Who else said “colourless green ideas sleep furiously”? Nobody said “sleep furiously” because it’s a contradiction in terms!

You could sleep furiously: It’s if it’s a slip of the tongue.

Originality is where we’re breaking the Patterns and we’re creating Exceptions.

Interestingly, Patterns include the Automatic Subconscious Procedures (ASPs), which I have mentioned in a previous recording. We expect ASPs to be Patterns. Are they Patterns in Reality? Up to a point, yes.

You keep on doing the same thing, walking the same way, living the same way, working the same way, until something breaks the Pattern.

What is the Something that can break the Pattern? Well, an earthquake could break the Pattern, if you live in Japan. Or in New Zealand.

People who have been living in these earthquake-prone places for thousands of years would have a culture that passed down this awareness of the breaks, of the really-frequent breaks in the Patterns around us.

If these breaks [=Exceptions] occur with a certain frequency, then the rules [=Patterns] you need have to do with “what you do in the next minute, in the immediate”. You have to concentrate on the immediate, you have to be able to communicate meaning quickly, you have to improve the way you deal with this frequent Pattern of the earth shaking and moving everything around you (the Planet may have just shifted its axis).
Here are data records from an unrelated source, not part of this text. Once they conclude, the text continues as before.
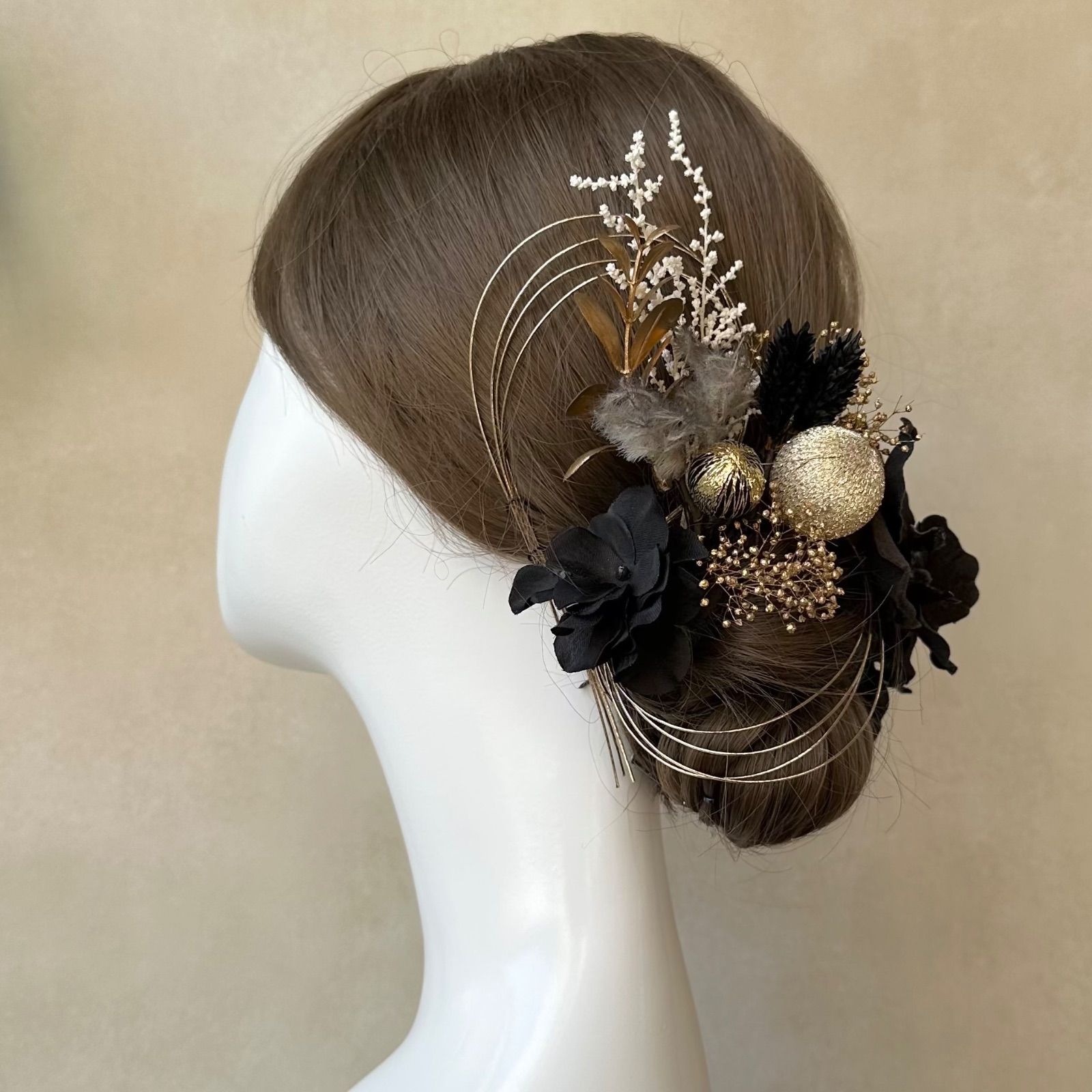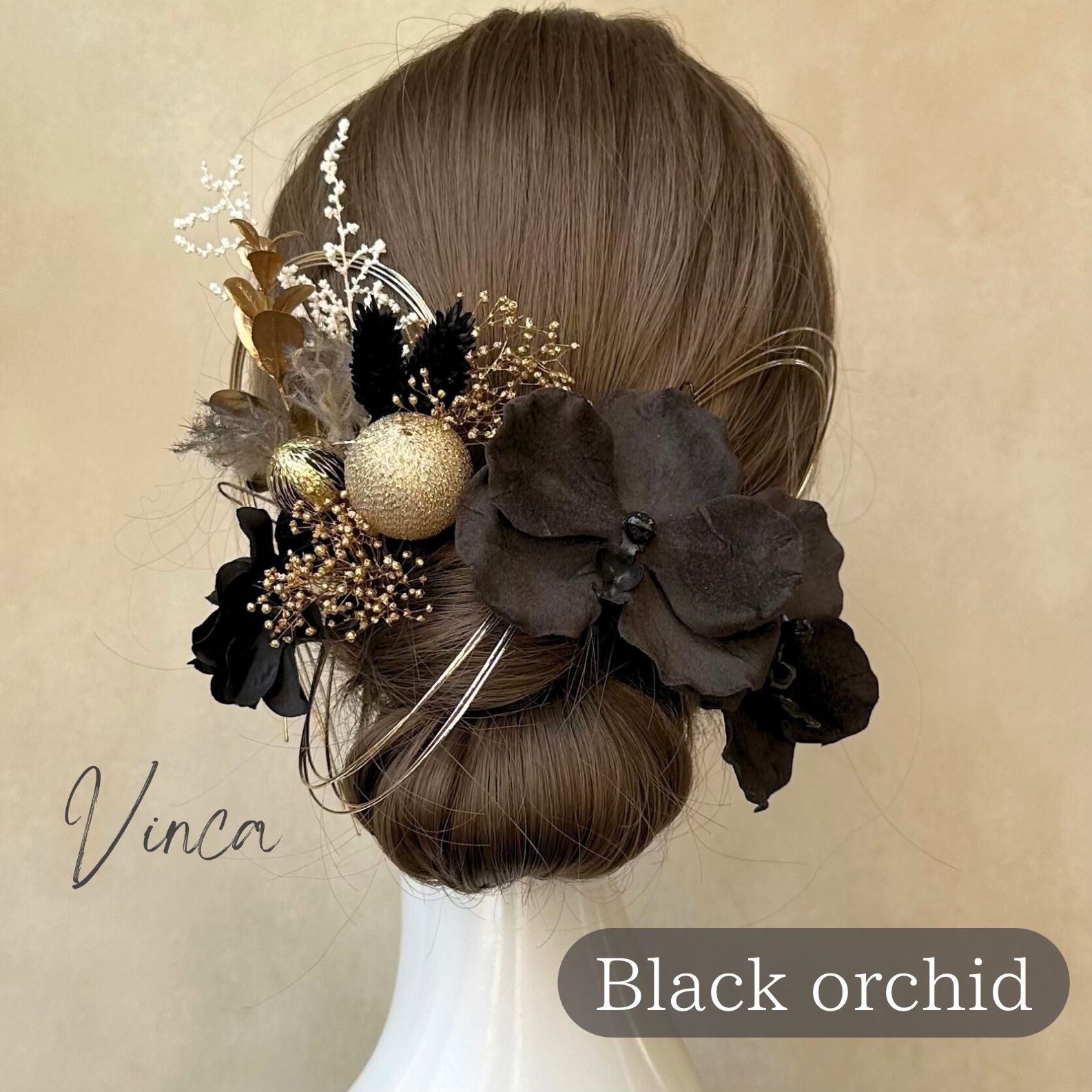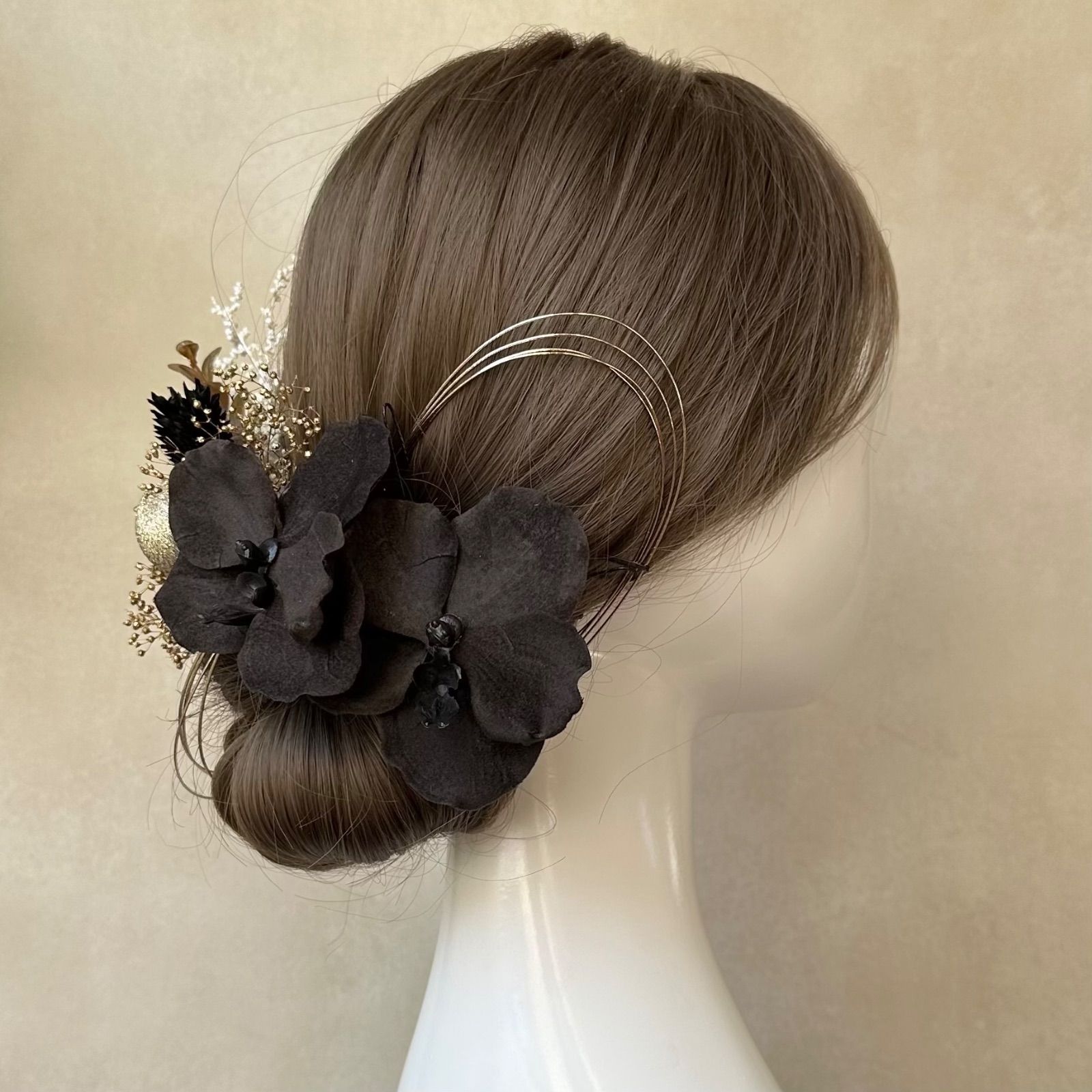ドライルックなブラック胡蝶蘭セット 【Vinca(ビンカ)和装髪飾り 】結婚式 / ウェディング / ブライダル / 白無垢 / 色打掛 / 成人式 / 振袖 / 卒業式 / 袴 / 七五三 【箔シートプレゼント中】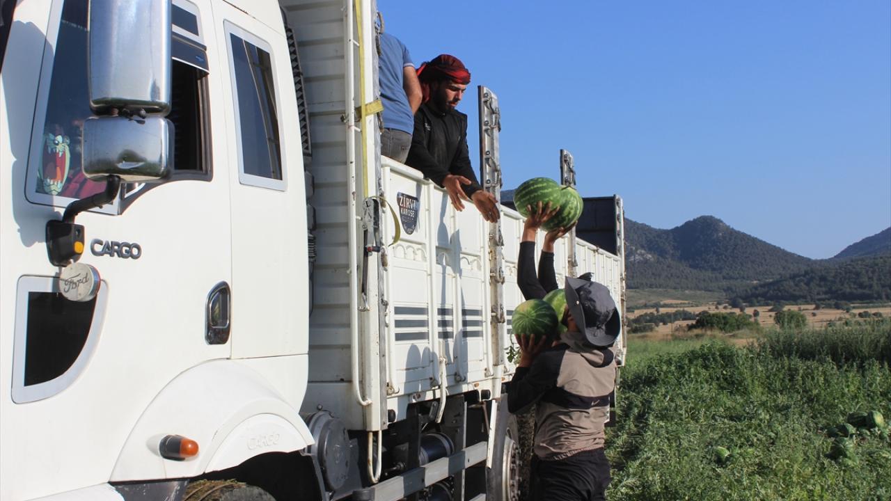 Tüccarlar tarafından alınarak kamyonlara yüklenen karpuzlar, İstanbul başta olmak üzere birçok kente götürülerek manav, market ve pazarlarda tüketiciye buluşturuluyor.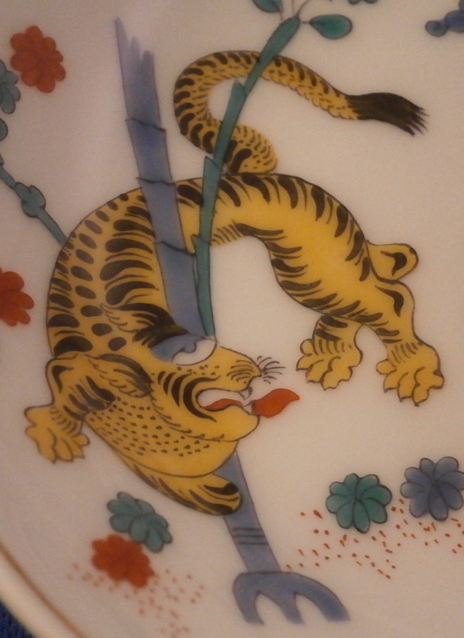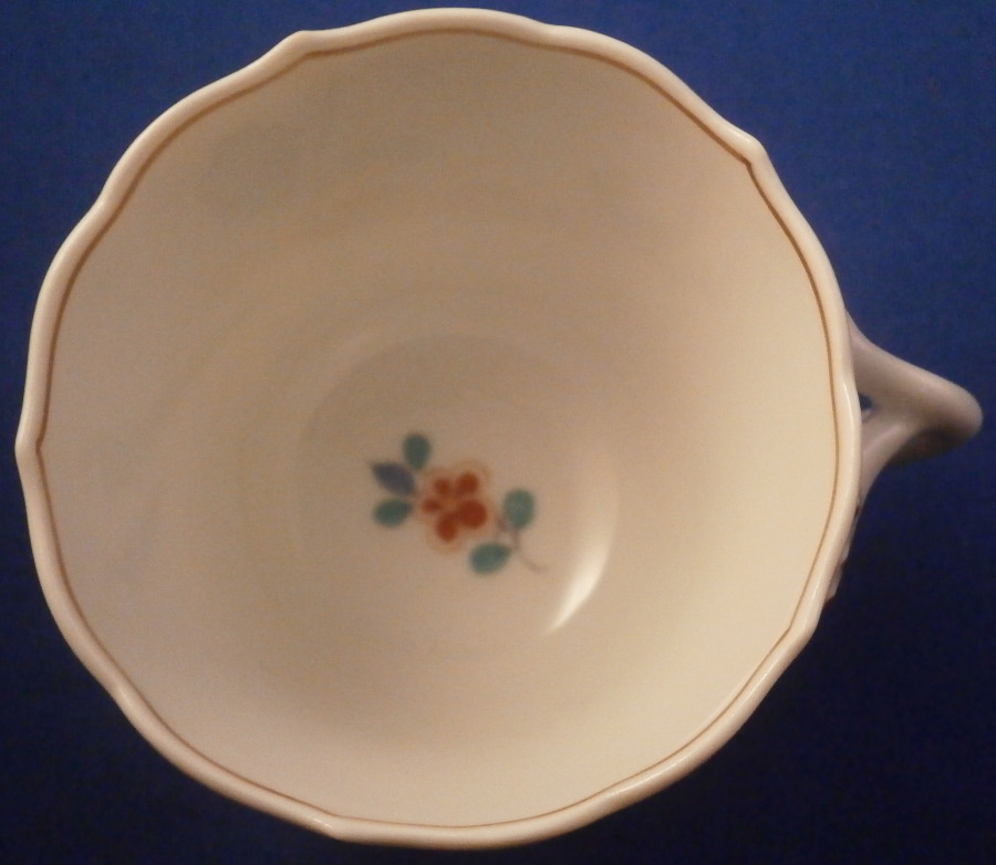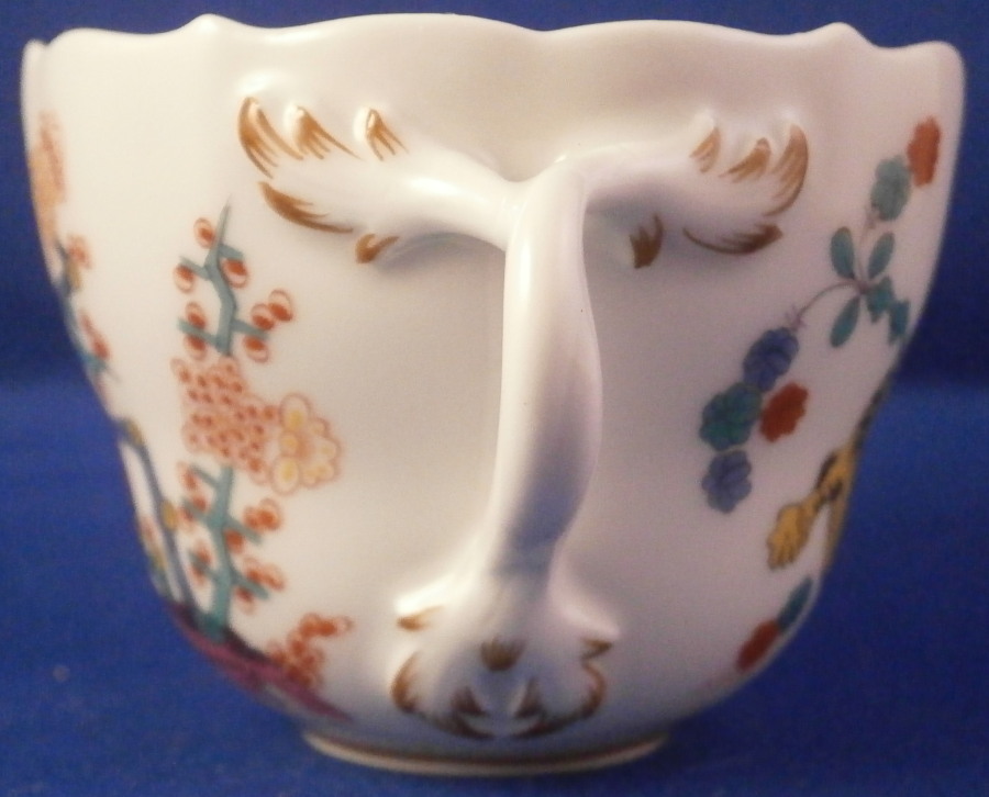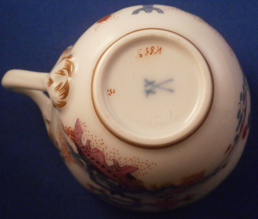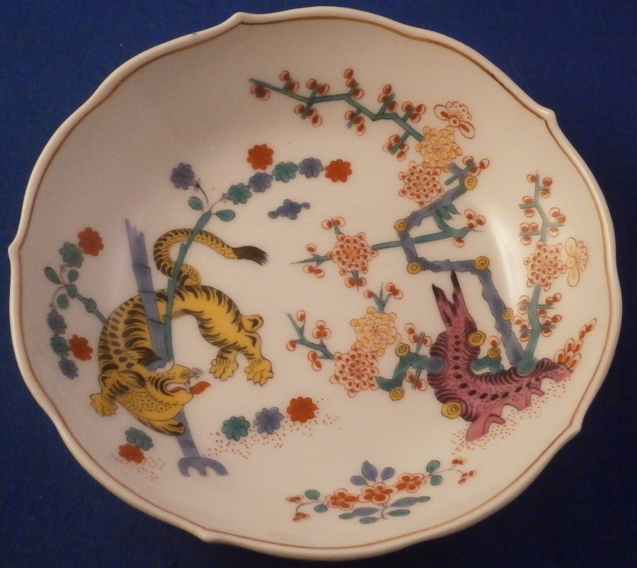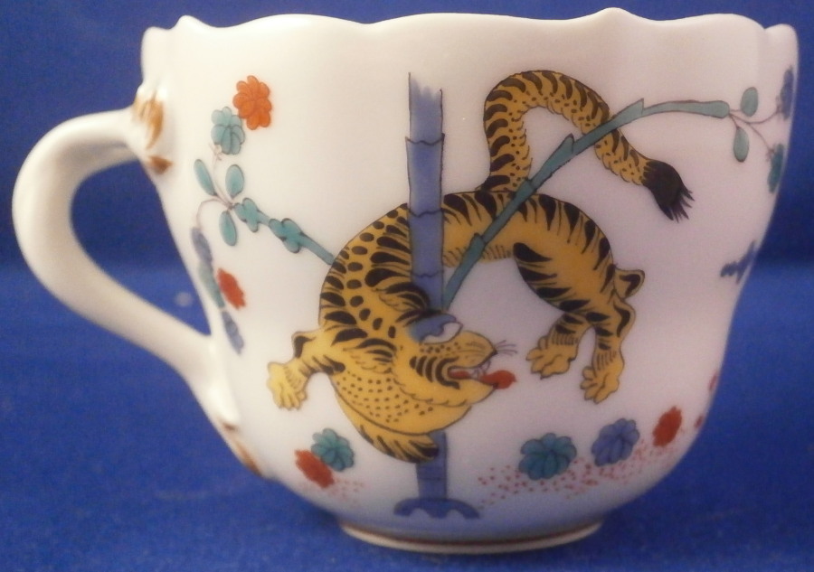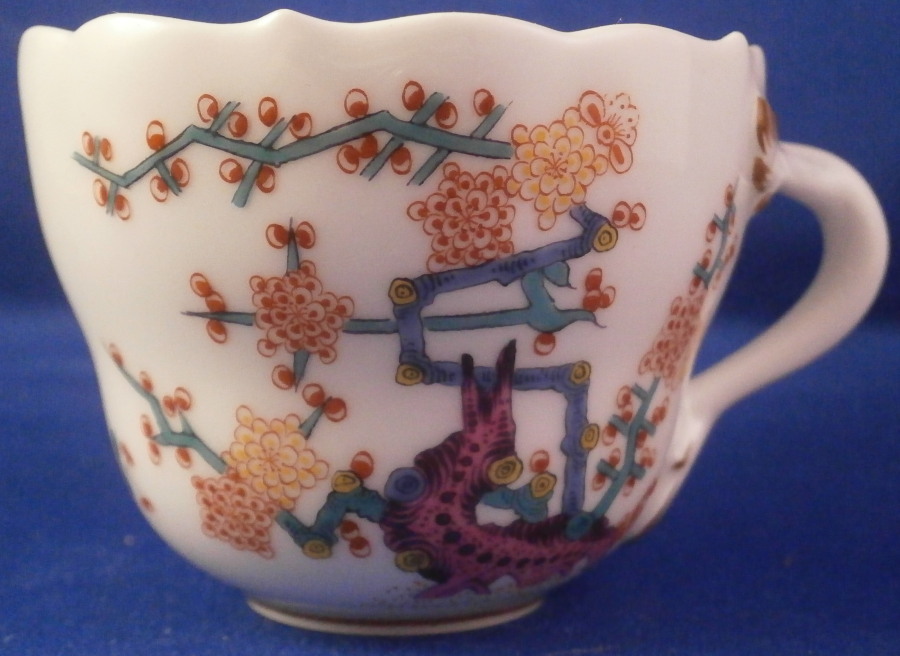 This is a mocha or espresso coffee demitasse cup and saucer made by Meissen in the 20th century. Both pieces are decorated with the famous yellow Tiger ( Gelber Löwe ) design that is so superb that it was also used for the Saxon Royal Court! Both pieces have the yellow tiger hand painted on one part and the funky colorful tree on the other part with some Kakiemon flowers in between. It is one of the nicest Kakiemon patterns there is I think. There is a light brown trim just under the nicely shaped edge and an extra flower to the bottom inside of the cup - a sure sign of quality! The handle of the cup is superb as well. This size cup is not easy to find and I like them better than regular sized pieces since they take up less room in the cabinets plus this design is just amazing! The set is in perfect condition which never hurts either :) One tiny black firing spot along the very edge of the saucer from when it was made. It is marked with the under glaze blue crossed swords mark underneath (first quality) as well as the usual impressed and painted marks one expects from pieces of this period as shown. The cup is 2 inches tall and 2.5 inches in diameter. The saucer is about 0.875 inches tall and has a diameter of 4.25 inches. Please email me for more information or other pictures.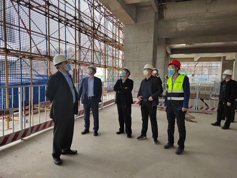 在蘭州環(huán)球中心項(xiàng)目,李鎖林深入施工現(xiàn)場對超高層5#樓及一期工程進(jìn)行全面細(xì)致的查看。充分肯定建設(shè)公司蘭州環(huán)球中心項(xiàng)目的整體工作推進(jìn),并對工程的安全、質(zhì)量、信息化建設(shè)、疫情防控工作進(jìn)行點(diǎn)評。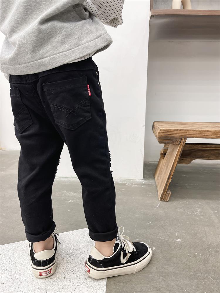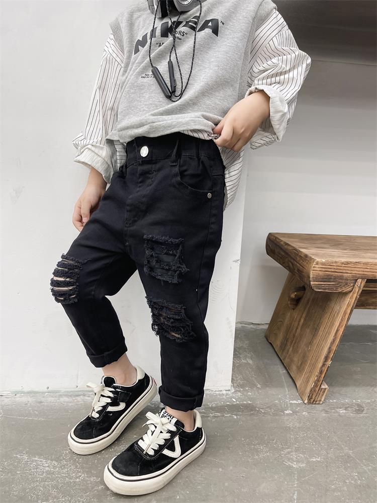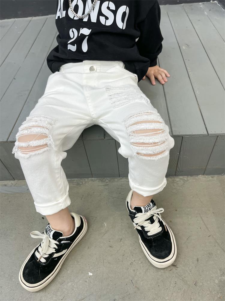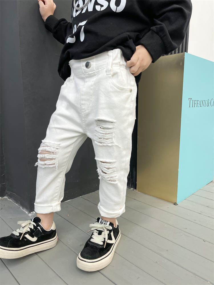 어린이 바지 새로운 흑백 바지 아기복 슬림핏 찢어진 트렌디 한 웨스턴 스타일 바지 스택 면 청바지 9515스토어 가기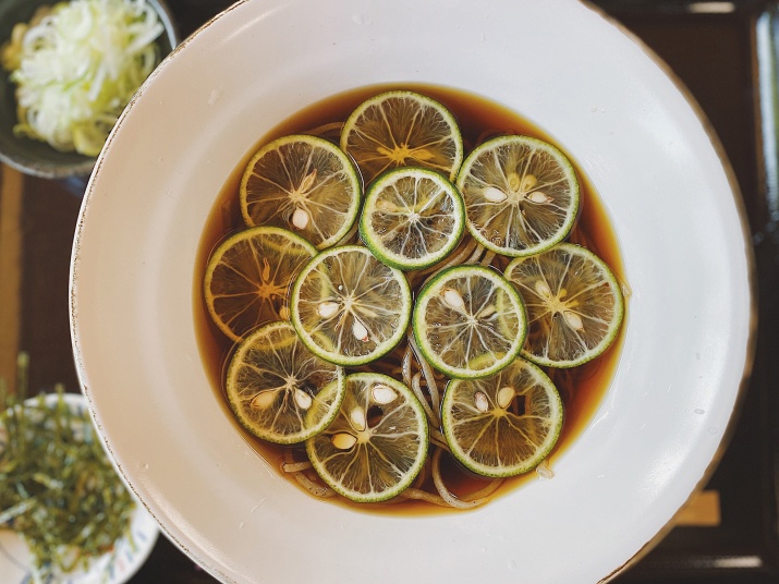 もちろん味も冷たくてすだちの酸味が爽やかに香ります。コシのある蕎麦と相性抜群。

How did we explain earthquakes before we had the scientific field of seismology?

It was about a huge fish known as namazu (鯰 ‘catfish’) whose thrashings caused quakes.

Right now it’s about a tectonic plate, which somehow still feels like a fish because it’s almost alive in its unpredictability, although it doesn’t have consciousness like a fish would.

Unless you subscribe to the Gaia thesis (Earth-as-a-Planet having a mind and a soul) and you conceive the tectonic plate as  just one scale among the many scales covering Gaia.

From time to time, certain plates move. What happens then? At the seams of these plates, you’ve got a lot of interruption of Patterns, which might include our own little goings and comings on these plates.

Occasionally, this little movement of plates could cause a tsunami (津波 Harbor-Wave).

“Little” on whose scale? On the scale of the really big fish? On the scale of a big plate floating on lava?

We discovered new Patterns, new Exceptions to what we think are the Rules at a given moment. That’s how we improve our thinking, our knowledge about how to deal with the infinite number of Patterns out there.